Randomized clinical trial of propofol versus ketamine for procedural sedation in the emergency department.

OBJECTIVES: The objective was to compare the occurrence of respiratory depression, adverse events, and recovery duration of propofol versus ketamine for use in procedural sedation in the emergency department (ED).

METHODS: This was a randomized nonblinded prospective clinical trial of adult patients undergoing procedural sedation for painful procedures in the ED. Patients with pain before the procedure were treated with intravenous (IV) morphine sulfate until their pain was adequately treated at least 20 minutes before starting the procedure. Patients were randomized to receive either propofol 1 mg/kg IV followed by 0.5 mg/kg every 3 minutes as needed or ketamine 1.0 mg/kg IV followed by 0.5 mg/kg every 3 minutes as needed. Doses, vital signs, nasal end-tidal CO(2) (ETCO(2)), and pulse oximetry were recorded. Subclinical respiratory depression was defined as a change in ETCO(2) of >10 mm Hg, an oxygen saturation of <92% at any time, or an absent ETCO(2) waveform at any time. Clinical interventions related to respiratory depression were noted during the procedure, including the addition of or increase in the flow rate of supplemental oxygen, the use of a bag-valve mask apparatus, airway repositioning, or stimulation to induce breathing. After the procedure, patients were asked if they experienced pain during the procedure and had recall of the procedure. Physicians were asked to describe any adverse events or the occurrence of recovery agitation.

RESULTS: One-hundred patients were enrolled; 97 underwent sedation and were included in the analysis. Fifty patients received propofol and 47 received ketamine. Subclinical respiratory depression was seen in 20 of 50 patients in the propofol group and 30 of 47 patients in the ketamine group (p = 0.019, effect size 22.8%; 95% CI = 4.0% to 43.6%). Clinical interventions related to respiratory depression were used in 26 of 50 propofol patients and 19 of 47 ketamine patients (p = 0.253, effect size = -13.7%; 95% CI = -33.8% to 6.4%). The median times of the procedures were 11 minutes (range = 4 to 33 minutes) for the ketamine group versus 10 minutes (range = 5 to 33 minutes) for the propofol group (p = 0.256). The median time to return to baseline mental status after the procedure was completed was 14 minutes (range = 2 to 47 minutes) for the ketamine group and 5 minutes (range = 1 to 32 minutes) for the propofol group (p < 0.001). Pain during the procedure was reported by 3 of 50 patients in the propofol group and 1 of 47 patients in the ketamine group (effect size = -3.9%, 95% confidence interval [CI] = -11.9 to 4.1). Recall of some part of the procedure was reported by 4 of 50 patients in the propofol group and 6 of 47 patients in the ketamine group (effect size = 4.8%, 95% CI = -7.6% to 17.1%). Forty-eight of 50 procedures were successful in the propofol group and 43 of 47 in the ketamine group (p = 0.357, effect size = 0.3%; 95% CI = -7.8% to 8.4%). Recovery agitation was reported in 4 of 50 in the propofol group and 17 of 47 in the ketamine group (effect size = 28.2%, 95% CI = 12.4% to 43.9%).
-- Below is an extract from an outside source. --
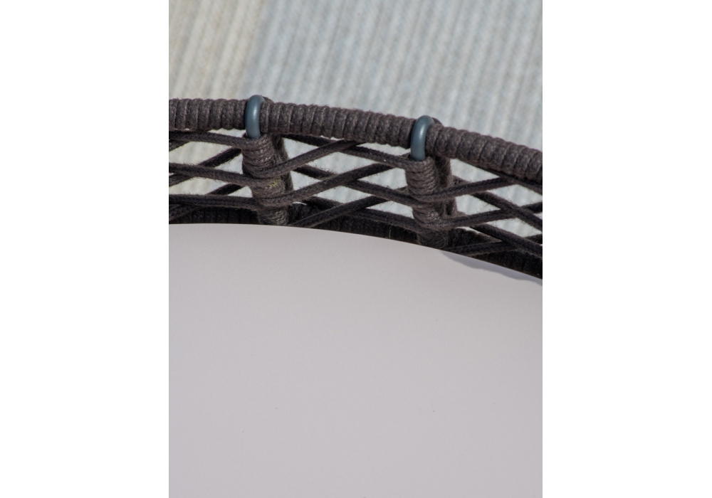Ropu Outdoor conçue par Chiara Andreatti pour Potocco est une table basse d'extérieur avec base en métal peint anthracite gaufré et structure avec cordon tissé "Gassa" marron foncé. Plateau en HPL anthracite ou grès oxyde noir.

CONCLUSIONS: This study detected a higher rate of subclinical respiratory depression in patients in the ketamine group than the propofol group. There was no difference in the rate of clinical interventions related to respiratory depression, pain, or recall of the procedure between the groups. Recovery agitation was seen more frequently in patients receiving ketamine than in those receiving propofol. The time to regain baseline mental status was longer in the ketamine group than the propofol group. This study suggests that the use of either ketamine or propofol is safe and effective for procedural sedation in the ED.